Work request: Output the lines of the listing below exactly, starting at the line containing "Москва. 23 мая." and stopping after the last line, with any pictures dropped.

Data excerpt:
━━━━━━━━━━━━━━━━
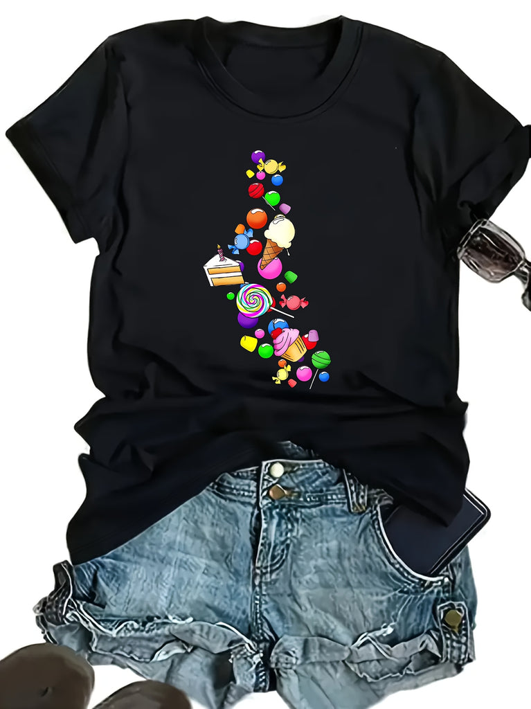 Graphic Shirts For Women Colorful Candy And Sweet Treats With Lollipop And Cupcake T Shirt, Women Tshirts, Womens Tees
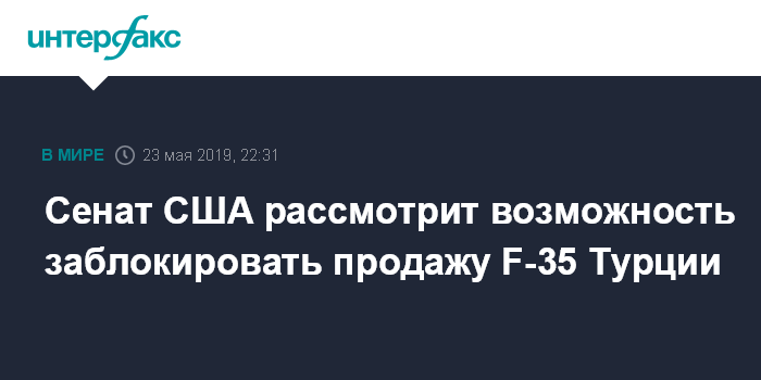 Москва. 23 мая. INTERFAX.RU - Комитет сената США по делам вооруженных сил сообщил, что включил в одобренный им законопроект о военном бюджете на 2020 год предложение об отказе в продаже Турции истребителей-бомбардировщиков F-35, если она приобретет у России системы ПВО С-400.
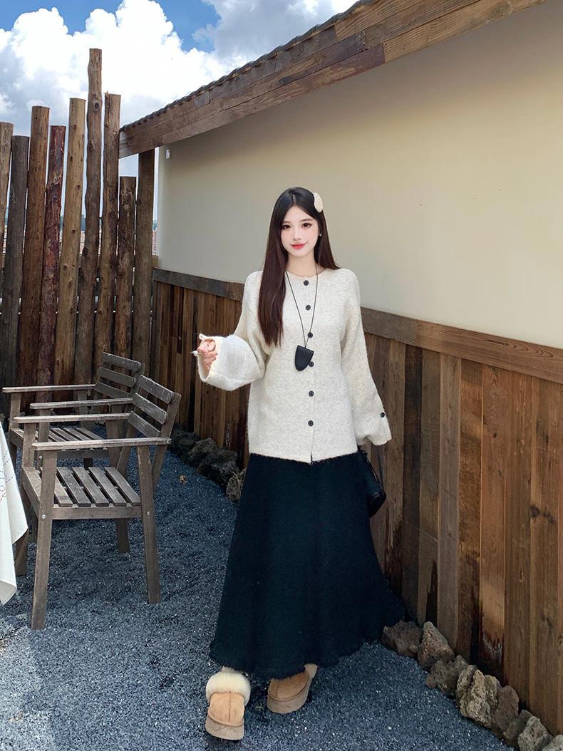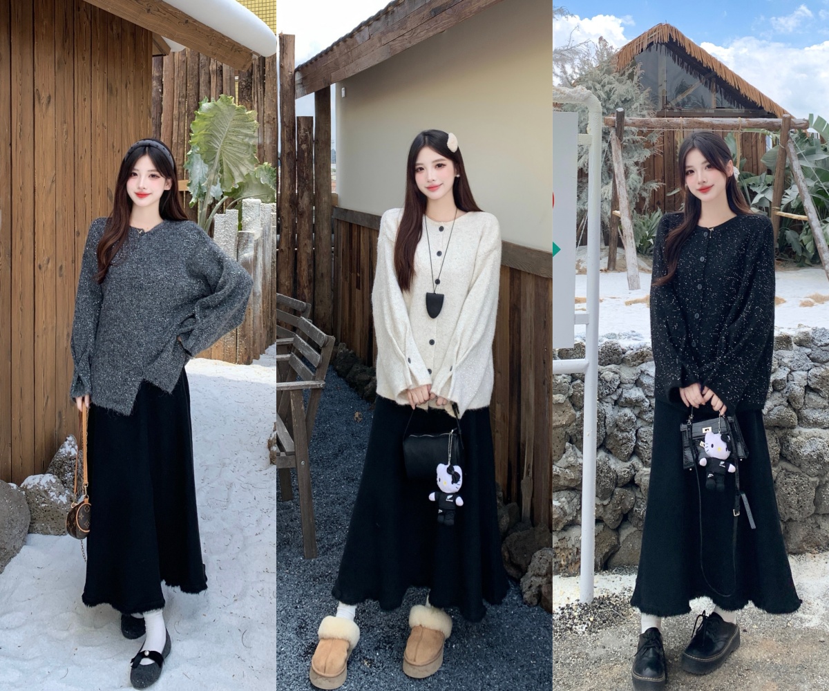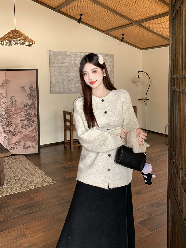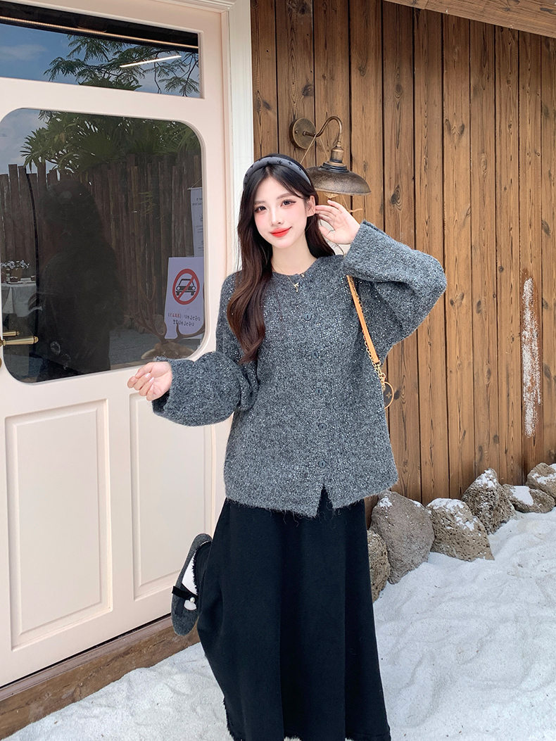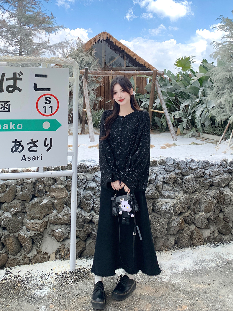 实拍大码秋冬亮闪闪喇叭袖宽松显瘦针织衫毛衣+针织半身裙套装
━━━━━━━━━━━━━━━━
Exercise answer:
 Москва. 23 мая. INTERFAX.RU - Комитет сената США по делам вооруженных сил сообщил, что включил в одобренный им законопроект о военном бюджете на 2020 год предложение об отказе в продаже Турции истребителей-бомбардировщиков F-35, если она приобретет у России системы ПВО С-400.
 实拍大码秋冬亮闪闪喇叭袖宽松显瘦针织衫毛衣+针织半身裙套装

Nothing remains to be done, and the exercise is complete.